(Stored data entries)
= Beginning of Section =
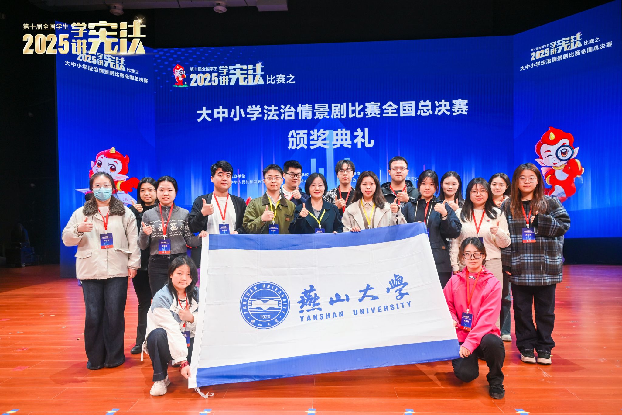 【新闻中心讯】11月8日至11日,第十届全国学生“学宪法 讲宪法”比赛之大中小学法治情景剧全国总决赛在重庆举行。本次比赛由教育部主办,重庆市教育委员会承办,西南政法大学协办,教育部全国青少年普法网支持。燕山大学文法学院(公共管理学院)参赛作品《火种》荣获全国二等奖,张玉华、刘雪峰、卢雨涵三位教师获评“优秀指导教师”。
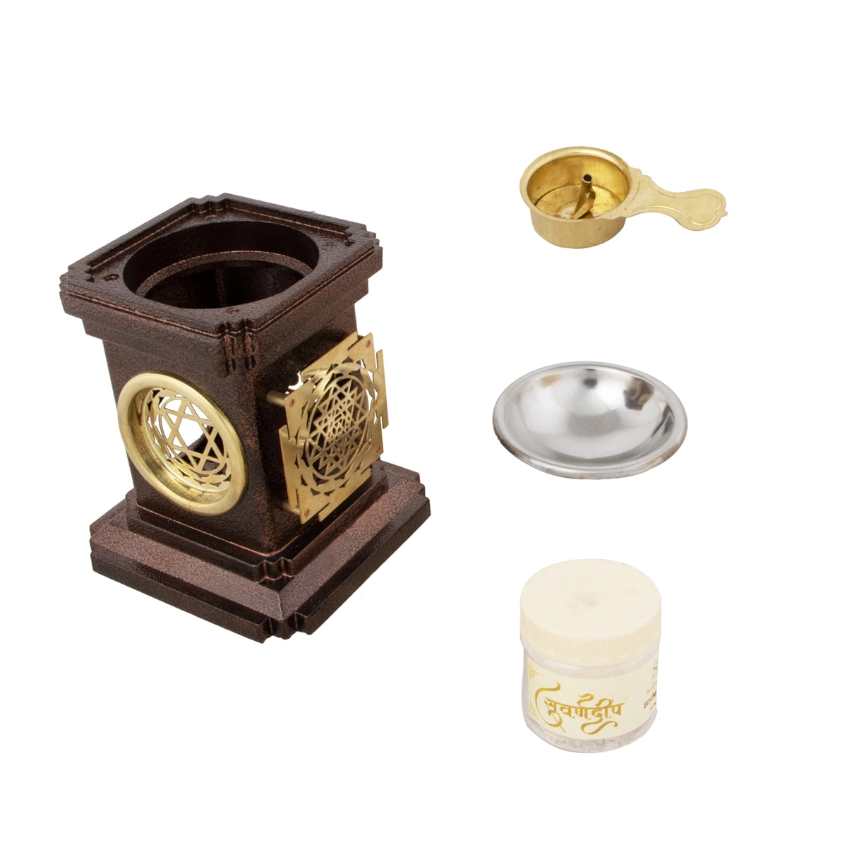 Camphor Suvarnadeep - 5 x 5 Inches | Kapoor Dani Suvarnadeep Diya/ Copper Oxidised Kapur Dani/ 725 Gms Approx
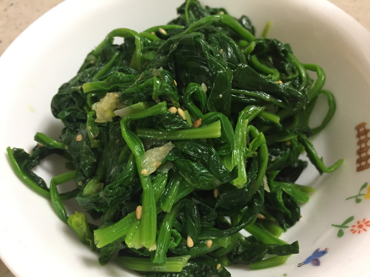 털어놓은 시금치를 작은 볼에 옮겨 담고, 다진 마늘 반 스푼, 소금 조금, 참기름을 뿌리고 시금치들이 너무 망가지지 않도록 손으로 조물조물 무쳐낸다. 깨로 마무리한 후, 시금치 잎 하나를 집어 들어 입에 넣는다. 짭조름한 소금과 알싸한 마늘 향이 고소한 참기름과 함께 입안에서 은은한 춤을 춘다. 숨 죽은 시금치가 나물로 무쳐졌다.
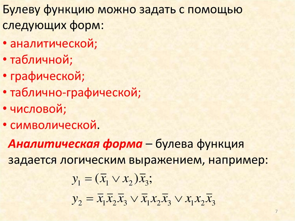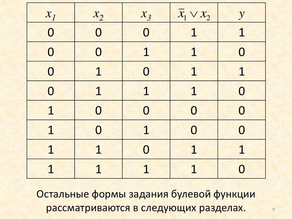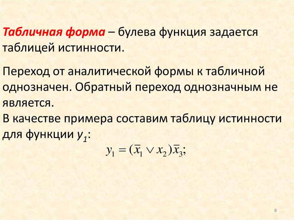 Табличная форма – булева функция задаетсятаблицей истинности.
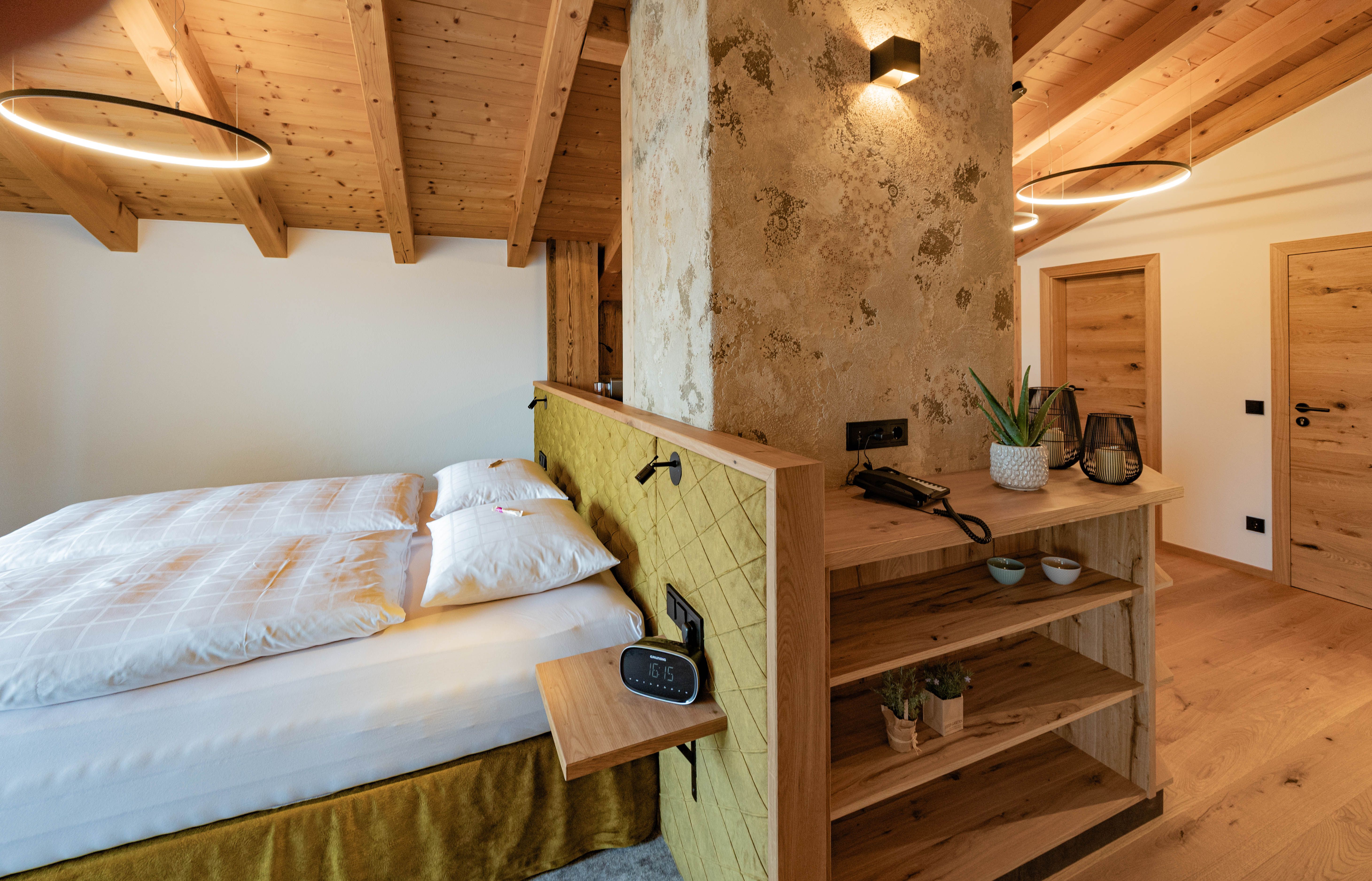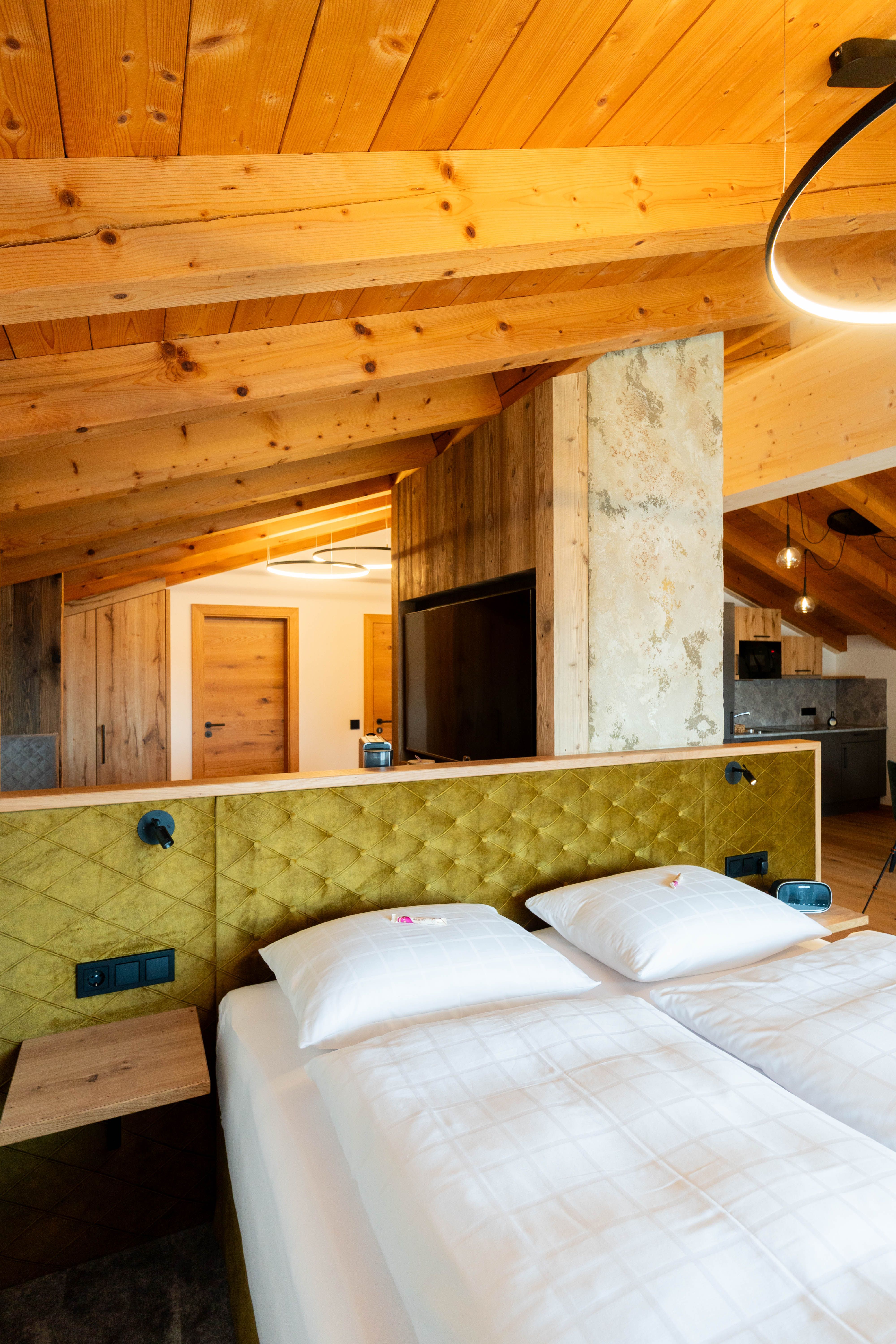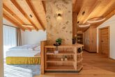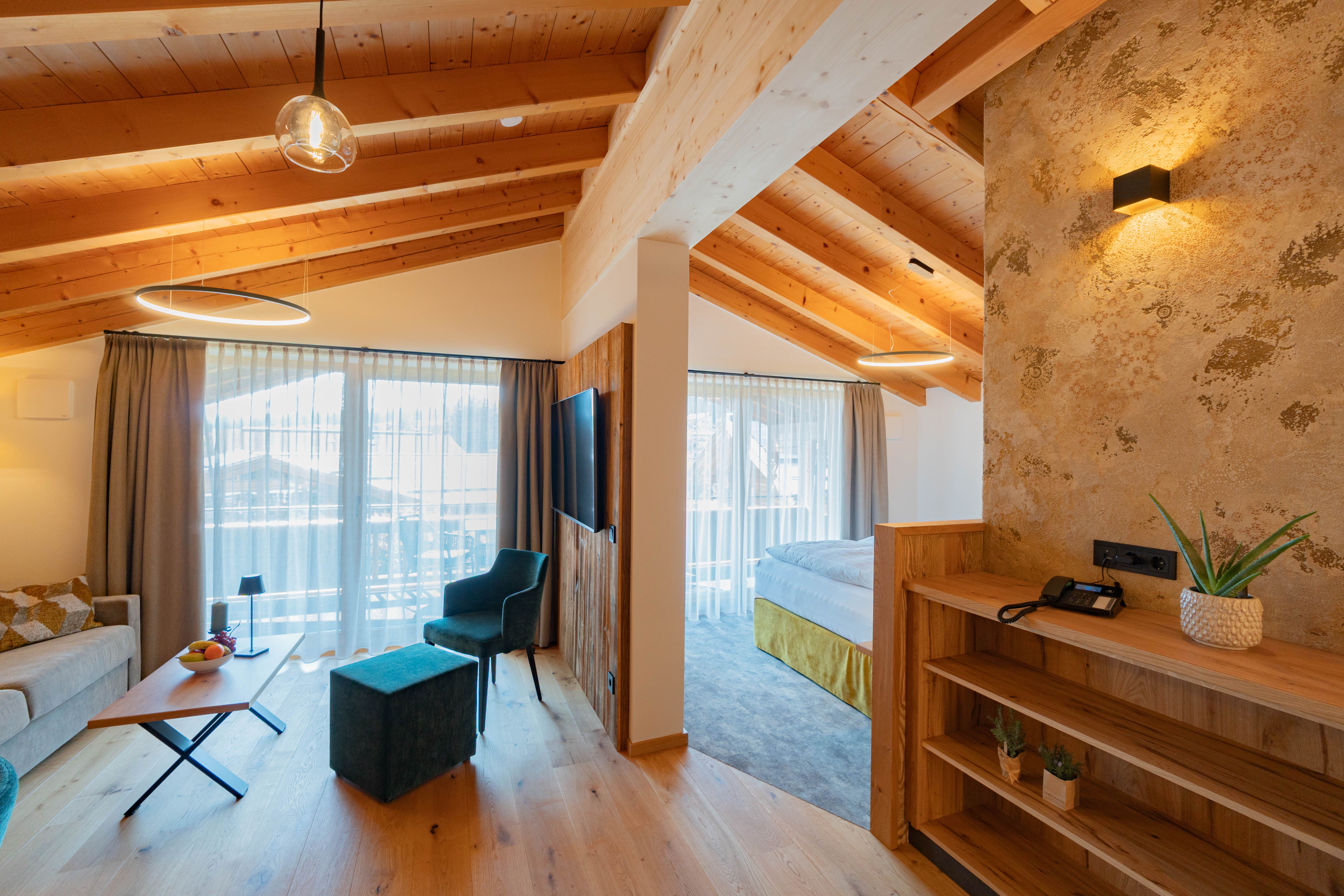 Einzigartig und mit einem atemberaubenden Blick auf die umliegende Bergkullisse begeistert unsere Dachgeschoss-Suite „Stoaadler“.
= End of Section =
What to work on: Skip the images and restate each record above word for word.

Expected answer:
 【新闻中心讯】11月8日至11日,第十届全国学生“学宪法 讲宪法”比赛之大中小学法治情景剧全国总决赛在重庆举行。本次比赛由教育部主办,重庆市教育委员会承办,西南政法大学协办,教育部全国青少年普法网支持。燕山大学文法学院(公共管理学院)参赛作品《火种》荣获全国二等奖,张玉华、刘雪峰、卢雨涵三位教师获评“优秀指导教师”。
 Camphor Suvarnadeep - 5 x 5 Inches | Kapoor Dani Suvarnadeep Diya/ Copper Oxidised Kapur Dani/ 725 Gms Approx
 털어놓은 시금치를 작은 볼에 옮겨 담고, 다진 마늘 반 스푼, 소금 조금, 참기름을 뿌리고 시금치들이 너무 망가지지 않도록 손으로 조물조물 무쳐낸다. 깨로 마무리한 후, 시금치 잎 하나를 집어 들어 입에 넣는다. 짭조름한 소금과 알싸한 마늘 향이 고소한 참기름과 함께 입안에서 은은한 춤을 춘다. 숨 죽은 시금치가 나물로 무쳐졌다.
 Табличная форма – булева функция задаетсятаблицей истинности.
 Einzigartig und mit einem atemberaubenden Blick auf die umliegende Bergkullisse begeistert unsere Dachgeschoss-Suite „Stoaadler“.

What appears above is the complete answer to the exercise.